The Greatest Weapon Against the IRGC: American Business?
One of the key misconceptions you often encounter about the consequences of sanctions violations is that a monetary penalty can be imposed for breaking any of the U.S. sanctions on Iran. The reality is that civil penalties can only be levied against individuals or entities found in violation of U.S. primary sanctions contained in the Iranian Transactions and Sanctions Regulations (“ITSR”). For violations of U.S. secondary (i.e. extraterritorial sanctions), the only options available to the Treasury Department are fairly extreme – including asset freezes, prohibitions on transactions with the U.S. financial system, and prohibitions on the importation of any U.S. origin-goods. Any of these penalties can rightly be considered a nuclear option, particular when the potential target is a European company.

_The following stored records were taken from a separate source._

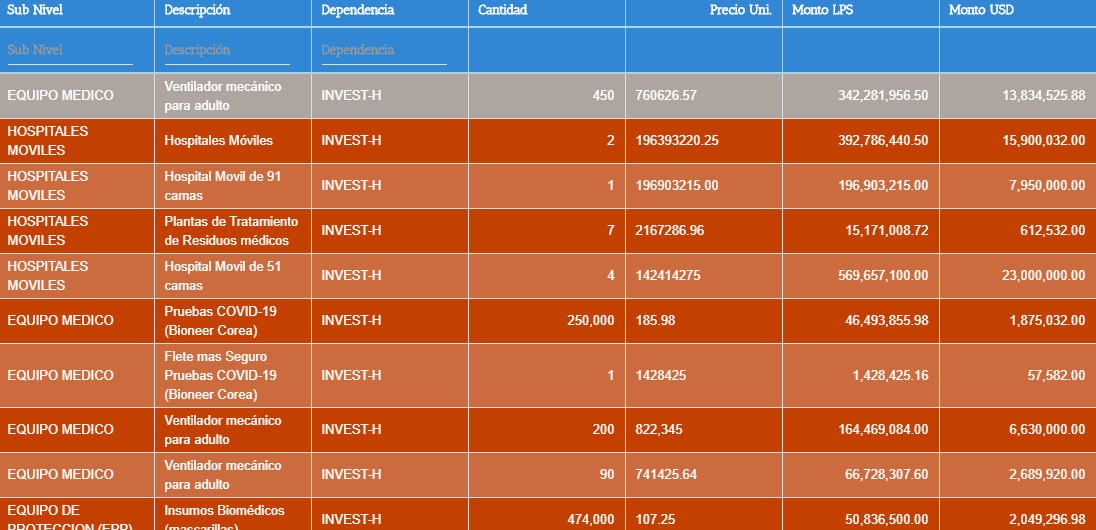 De acuerdo a la información revelada en el portal de transparencia de la secretaría de finanzas de Honduras, hasta el 15 de abril de habían ejecutado L 2,949,140,465.4 entre las 4 instituciones que están al frente de la emergencia por COVID19.
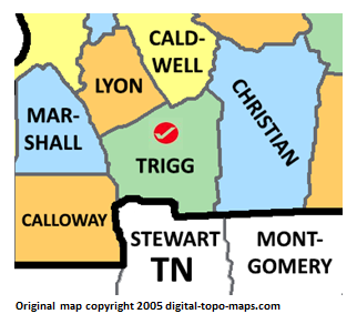 | current | ★ Approved revision 19:11, 7 June 2018 | 322 × 292 (46 KB) | Dotxinxoz (talk | contribs) | Map courtesy of [https://www.digital-topo-maps.com/county-map/kentucky.shtml Digital-Topo-Maps.com]. Copyright 2005.<br> Category:Kentucky Maps Category:Trigg County, Kentucky |
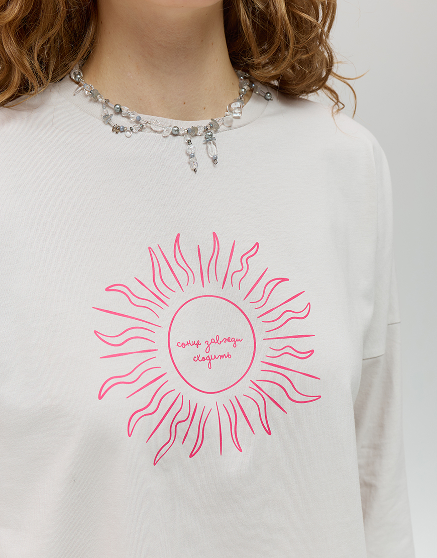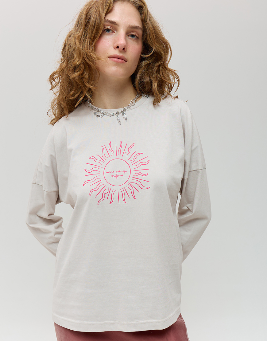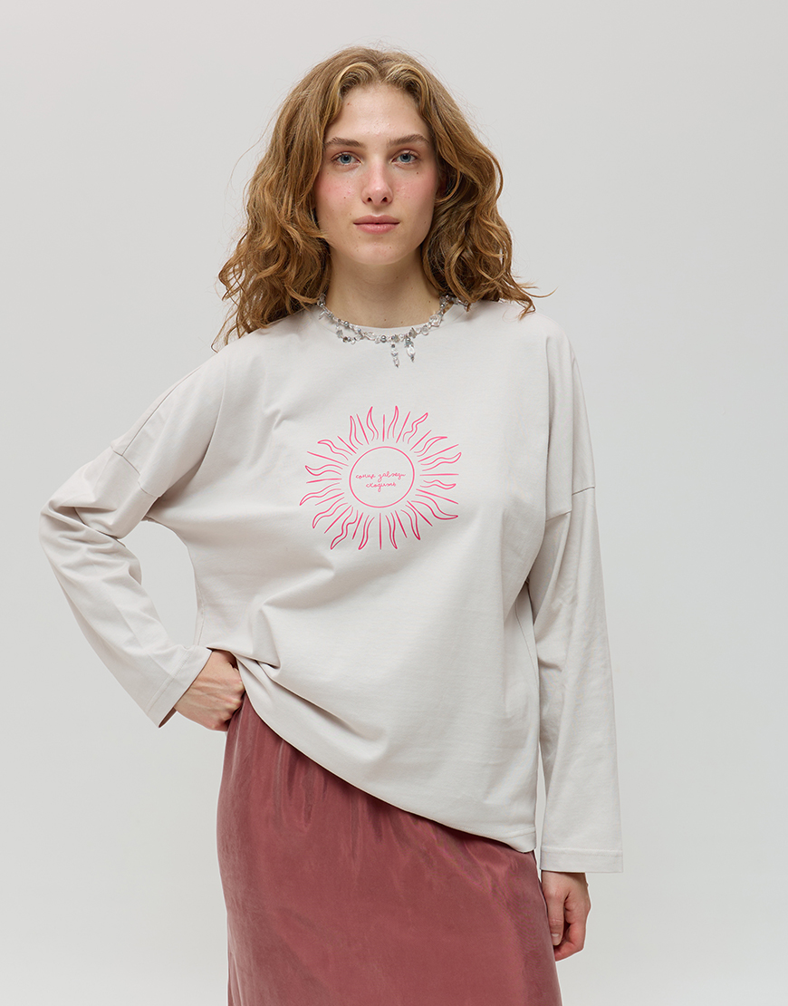 Доставка впродовж 2-5 робочих днівБавовняний лонгслів бежевого кольору з принтом: Сонце завжди сходить

Consider the massive $8.9 billion fine imposed on BNP Paribas. U.S. regulators were able to extract this type of penalty not simply because BNP was operating in violation of U.S. sanctions. Rather it was because the bank processed illicit transactions through its New York branch or other U.S. financial institutions, thus providing the necessary “jurisdictional hook” for federal and state authorities to attach liability under U.S. law. If BNP had kept its dealings with Iran and Sudan entirely outside the United States, the only option available to U.S. government would have been to blacklist the bank. One can only imagine the response of the French government in that scenario.
As it currently stands, foreign companies will be the primary beneficiaries of the sanctions relief the JCPOA provides. It also means that should the U.S. discover that deals are being signed with firms controlled by Iran’s Revolutionary Guard Corps (“IRGC”), the only choices are to politely (or not so politely) request a change in behavior, or use the above-mentioned nuclear option. A lack of clarity regarding what actually constitutes IRGC ownership or control for the purposes of secondary sanctions further weakens U.S. ability to compel foreign companies to avoid enriching IRGC-linked businesses in a post-deal environment.
For U.S. firms, the calculation is entirely different. Because U.S. sanctions operate under strict liability, even inadvertent violations, such as dealings with prohibited IRGC-owned or controlled entities can result in civil penalties. Under the International Emergency Economic Powers Act, the punishment for violations is $250,000 or twice the value of the transaction, per transaction. As there is little a U.S. company can do to contest these fines, U.S. companies would almost certainly conduct far more extensive due diligence than their European or Asian counterparts. This is turn could provide greater targeting data for Treasury, which will be itching to demonstrate that it retains the ability to target the IRGC.
While it’s hyperbole to actually suggest that U.S. investment would be the greatest weapon against the IRGC, the U.S. does have an interest in setting off a virtuous cycle whereby IRGC-linked entities are put at a competitive disadvantage in the “new” Iran. Allowing greater U.S. involvement could play a role.